● **WORK REQUEST**: The whole listing below should be printed again exactly, with no images.

● **RAW DATA**:
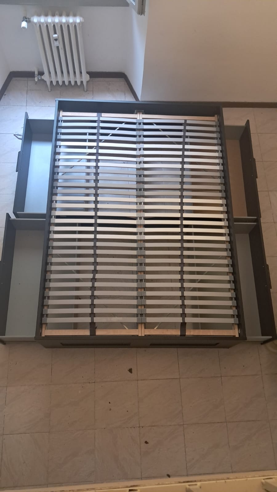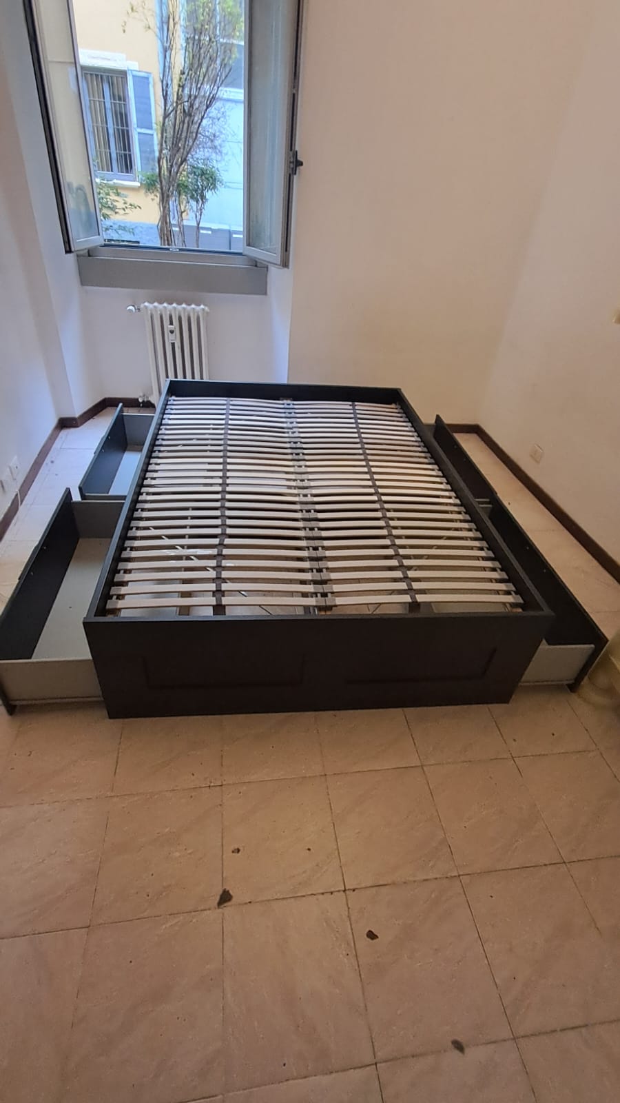 Letto matrimoniale Ikea Brimnes contenitore. Struttura in truciolare impiallacciato. Presenta 4 cassetti e rete. In buone condizioni.
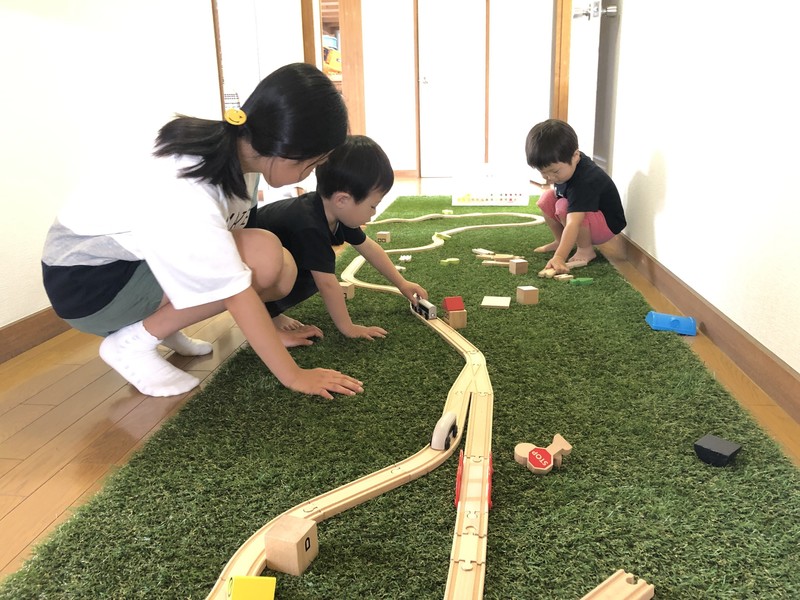 通路に芝生を敷いて自由に遊べるエリアを生みだします。ゴロゴロしながら過ごせる場をつくろう!
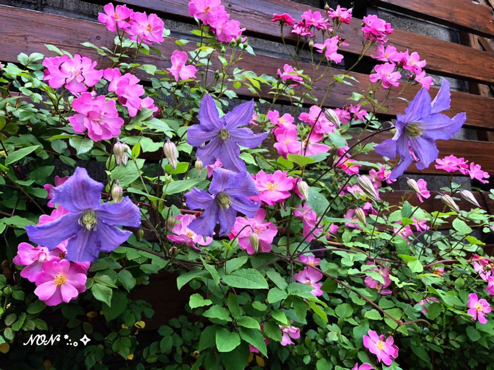 この2つを一緒に誘引して、いつかこのラティス一面に咲けばいいなぁと思います♡

● **ANSWER TO THIS TASK**:
 Letto matrimoniale Ikea Brimnes contenitore. Struttura in truciolare impiallacciato. Presenta 4 cassetti e rete. In buone condizioni.
 通路に芝生を敷いて自由に遊べるエリアを生みだします。ゴロゴロしながら過ごせる場をつくろう!
 この2つを一緒に誘引して、いつかこのラティス一面に咲けばいいなぁと思います♡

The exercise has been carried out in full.